The US government’s third attempt to help rescue Citigroup won’t stanch the company’s losses, which will continue to swell and may lead the bank to require more money in the coming months, analysts said.
Yesterday’s action didn’t furnish the New York-based bank with new money, although it cuts expenses by eliminating dividends on preferred stock. Instead, it converted preferred shares into common equity, which absorbs the first hit in the event of further losses, at an above-market-value price of $3.25. The stock, which has fallen 78 per cent since the beginning of the year, closed in New York trading yesterday at $1.50, its lowest since November 1990.
Vikram Pandit, 52, Citigroup’s chief executive officer, told investors yesterday that increasing tangible common equity to as much as $81 billion from $29.7 billion should “take the confidence issues off the table”, regarding the company’s ability to absorb losses. Still, Citigroup, which lost $27.7 billion in 2008, is expected to lose $1.24 billion in the first six months of 2009, according to the average of analysts’ estimates compiled by Bloomberg.
“There’s no difference here,” said Christopher Whalen, co-founder of Institutional Risk Analytics, a Torrance, California-based risk-advisory firm. “It won’t fix revenue, and you’re still going to see loss rates.”

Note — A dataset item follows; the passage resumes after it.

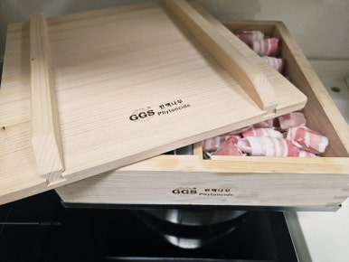 뜨거운 스팀을 위해 적당한 양의 물을 붓고 15분가량 찜을 해주면 되는데... 찜기의 뚜겅은 한번 물에 적셔서 찜을 해주는데... 난 갠적으로 그렇게 하는 이유는 너무 많은 수분을 편백나무가 빨아들이는거 같고 편백향이 더 진하게 재료에 스며든다고 생각하기 때문이다 (아주 갠적인 생각 ㅎㅎ)

One immediate change from yesterday’s announcement was that the value of the government’s investment fell by more than half. The government said it would convert as much as $25 billion of its preferred stock to common shares for a 36 per cent stake in the bank. At yesterday’s closing price of $1.50, that investment is worth about $11.5 billion. Citigroup has a stock market value of $8.2 billion today.
‘Ripped off’
“Taxpayers are being ripped off,” Congressman Brad Sherman, a Democrat from California who sits on the House Financial Services Committee, said in a statement. “The only thing worse than nationalising a bank is to pay for the entire bank and only get one-third of it.”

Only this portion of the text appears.